One of the most unexpected pieces, included the piece that played under Bogdanovich's opening narration, named "Les delinquants" from the French film L'Amerique insolite (1959), directed by François Reichenbach, whose unfinished documentary on art forgery which Welles had turned into F for Fake.
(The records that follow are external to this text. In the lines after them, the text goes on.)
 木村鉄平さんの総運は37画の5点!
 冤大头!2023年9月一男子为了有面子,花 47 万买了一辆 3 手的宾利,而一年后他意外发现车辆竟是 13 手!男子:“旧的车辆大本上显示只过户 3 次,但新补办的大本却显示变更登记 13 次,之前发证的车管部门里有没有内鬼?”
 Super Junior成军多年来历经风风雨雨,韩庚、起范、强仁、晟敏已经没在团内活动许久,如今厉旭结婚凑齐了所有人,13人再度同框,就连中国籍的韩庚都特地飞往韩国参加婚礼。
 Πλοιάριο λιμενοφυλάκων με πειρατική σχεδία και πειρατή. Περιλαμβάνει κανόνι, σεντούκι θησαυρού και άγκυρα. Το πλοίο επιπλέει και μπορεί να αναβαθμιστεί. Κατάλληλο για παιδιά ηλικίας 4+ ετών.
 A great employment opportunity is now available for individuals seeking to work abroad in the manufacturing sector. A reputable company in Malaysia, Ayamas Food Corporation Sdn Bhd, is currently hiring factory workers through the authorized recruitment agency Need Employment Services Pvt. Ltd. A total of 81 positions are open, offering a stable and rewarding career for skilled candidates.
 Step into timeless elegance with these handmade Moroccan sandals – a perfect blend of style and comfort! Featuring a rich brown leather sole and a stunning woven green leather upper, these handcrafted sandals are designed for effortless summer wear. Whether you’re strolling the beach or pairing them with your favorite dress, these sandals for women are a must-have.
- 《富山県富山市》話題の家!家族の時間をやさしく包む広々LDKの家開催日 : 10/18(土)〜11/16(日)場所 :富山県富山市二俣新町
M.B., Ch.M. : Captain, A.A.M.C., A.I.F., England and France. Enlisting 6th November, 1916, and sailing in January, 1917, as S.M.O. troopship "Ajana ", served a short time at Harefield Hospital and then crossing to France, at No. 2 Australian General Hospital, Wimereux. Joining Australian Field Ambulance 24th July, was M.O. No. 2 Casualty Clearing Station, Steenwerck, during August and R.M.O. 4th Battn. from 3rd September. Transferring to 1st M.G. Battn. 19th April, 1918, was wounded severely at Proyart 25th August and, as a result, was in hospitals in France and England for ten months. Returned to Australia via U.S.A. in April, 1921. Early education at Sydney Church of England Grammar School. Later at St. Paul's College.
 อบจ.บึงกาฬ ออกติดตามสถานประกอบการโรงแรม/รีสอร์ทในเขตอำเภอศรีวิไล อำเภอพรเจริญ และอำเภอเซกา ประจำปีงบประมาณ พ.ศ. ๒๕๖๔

The soundtrack contained over one hour of Legrand's music featured in the film, with the producers hoping that the full score would be released along with the Blu-ray alternate version of the film. Unlike being named into separate titles attributed to the setting of the film, it was divided into chapters, with the name "Chapter 1", "chapter 2" and so on. La-La Land Records released 16 cues from the score on November 5, 2018.

== Track listing ==

| No. | Title | Length |
|---|---|---|
| 1. | "Chapter 1" | 4:10 |
| 2. | "Chapter 7" | 2:18 |
| 3. | "Les Délinquants" (Opening Credits) | 4:26 |
| 4. | "Chapter 3" | 2:28 |
| 5. | "Chapter 5" | 1:10 |
| 6. | "Chapter 15" (The Maze) | 7:59 |
| 7. | "Chapter 4" | 3:13 |
| 8. | "Chapter 21" (Piano Duet I) | 3:58 |
| 9. | "Chapter 19" | 7:00 |
| 10. | "Chapter 11" | 2:14 |
| 11. | "Chapter 9" | 3:51 |
| 12. | "Chapter 17" | 5:23 |
| 13. | "Chapter 23" (Piano Duet II) | 2:34 |
| 14. | "Chapter 10" | 5:21 |
| 15. | "Chapter 25" | 1:38 |
| 16. | "Chapter 26" | 15:08 |
| Total length: |  | 72:51 |

== Reception ==
Jonathan Romney of Screen International wrote that "the period element has been perfectly fine-tuned by the addition of a magnificent new jazz score by Michel Legrand, along with much pop and rock of the era". Richard Brody of The New Yorker felt that Legrand's music is "mainly apt but occasionally heavy-handed". Ian Freer of Empire wrote "Michel Legrand’s terrific jazzy new score is period-specific without ever feeling kitsch — and yet still feels avant-garde." Eric Kohn of IndieWire wrote Legrand's "absorbing new score and the hectic atmosphere keep the mayhem moving forward at an engaging clip". David Morgan of CBS News praised Legrand's score saying "any film buff worth their salt should jump at the chance to see it".